**What is required**
Only one stretch of the data is wanted: the line containing "Damask Flocking Taffeta", the line containing "Set 100 Hartii", and every line between them, copied exactly.

**Data supplied**
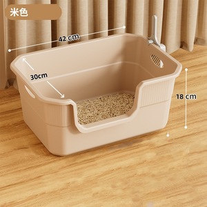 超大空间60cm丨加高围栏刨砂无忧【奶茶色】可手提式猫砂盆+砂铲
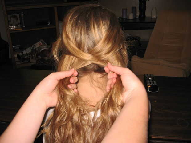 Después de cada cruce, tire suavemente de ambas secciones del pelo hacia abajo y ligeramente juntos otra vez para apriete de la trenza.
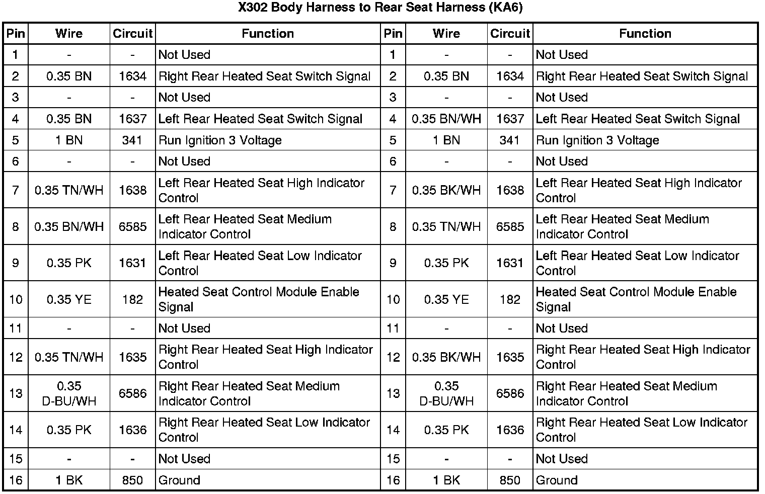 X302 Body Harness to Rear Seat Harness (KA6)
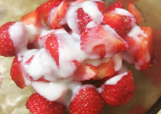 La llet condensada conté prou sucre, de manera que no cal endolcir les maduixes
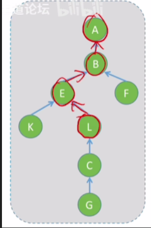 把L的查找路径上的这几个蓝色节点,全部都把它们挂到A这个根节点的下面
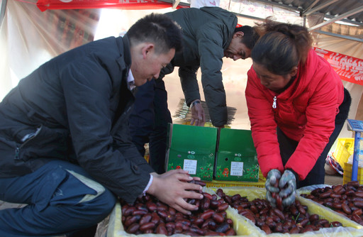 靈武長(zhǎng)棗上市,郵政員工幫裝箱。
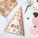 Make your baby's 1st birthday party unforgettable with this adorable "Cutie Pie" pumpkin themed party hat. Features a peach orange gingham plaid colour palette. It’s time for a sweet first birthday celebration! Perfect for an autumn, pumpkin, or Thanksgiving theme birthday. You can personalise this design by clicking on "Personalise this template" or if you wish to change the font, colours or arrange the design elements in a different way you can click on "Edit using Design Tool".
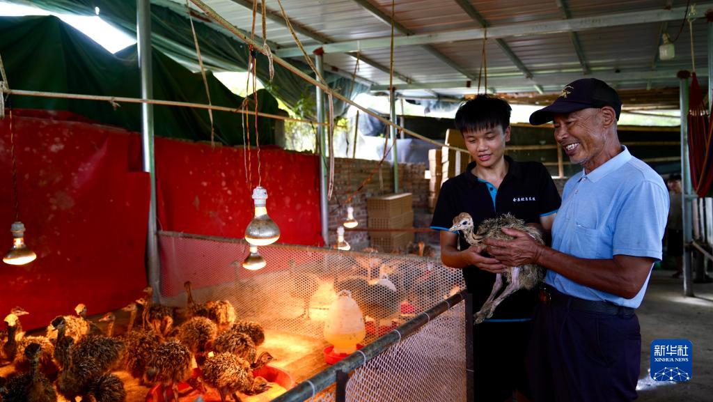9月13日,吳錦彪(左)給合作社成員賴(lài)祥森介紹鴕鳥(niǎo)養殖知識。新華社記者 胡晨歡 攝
==
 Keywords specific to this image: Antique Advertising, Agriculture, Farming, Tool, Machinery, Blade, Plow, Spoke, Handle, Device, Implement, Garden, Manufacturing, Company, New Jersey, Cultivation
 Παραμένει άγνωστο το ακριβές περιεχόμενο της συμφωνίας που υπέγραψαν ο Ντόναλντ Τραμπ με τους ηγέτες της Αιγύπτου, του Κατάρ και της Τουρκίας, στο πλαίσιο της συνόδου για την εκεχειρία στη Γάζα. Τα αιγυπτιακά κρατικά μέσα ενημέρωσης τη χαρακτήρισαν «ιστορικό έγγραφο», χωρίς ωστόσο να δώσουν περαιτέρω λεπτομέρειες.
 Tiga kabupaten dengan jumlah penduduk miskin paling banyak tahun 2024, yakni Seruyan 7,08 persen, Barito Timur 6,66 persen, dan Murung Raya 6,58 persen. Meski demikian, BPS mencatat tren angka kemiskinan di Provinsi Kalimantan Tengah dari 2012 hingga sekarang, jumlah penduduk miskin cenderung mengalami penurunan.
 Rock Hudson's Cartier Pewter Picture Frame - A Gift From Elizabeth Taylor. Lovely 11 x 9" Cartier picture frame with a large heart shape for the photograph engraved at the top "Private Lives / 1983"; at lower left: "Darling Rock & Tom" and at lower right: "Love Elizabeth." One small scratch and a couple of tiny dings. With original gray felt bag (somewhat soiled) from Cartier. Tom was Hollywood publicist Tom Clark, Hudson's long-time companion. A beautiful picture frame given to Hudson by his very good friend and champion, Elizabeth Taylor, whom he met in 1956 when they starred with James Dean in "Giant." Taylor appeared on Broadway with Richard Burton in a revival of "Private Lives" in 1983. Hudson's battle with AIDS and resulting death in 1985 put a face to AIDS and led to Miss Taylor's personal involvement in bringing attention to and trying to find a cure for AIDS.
--
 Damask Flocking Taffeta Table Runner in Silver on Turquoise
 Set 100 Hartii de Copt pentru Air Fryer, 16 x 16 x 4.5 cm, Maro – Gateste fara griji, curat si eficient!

**Answer to this problem**
 Damask Flocking Taffeta Table Runner in Silver on Turquoise
 Set 100 Hartii de Copt pentru Air Fryer, 16 x 16 x 4.5 cm, Maro – Gateste fara griji, curat si eficient!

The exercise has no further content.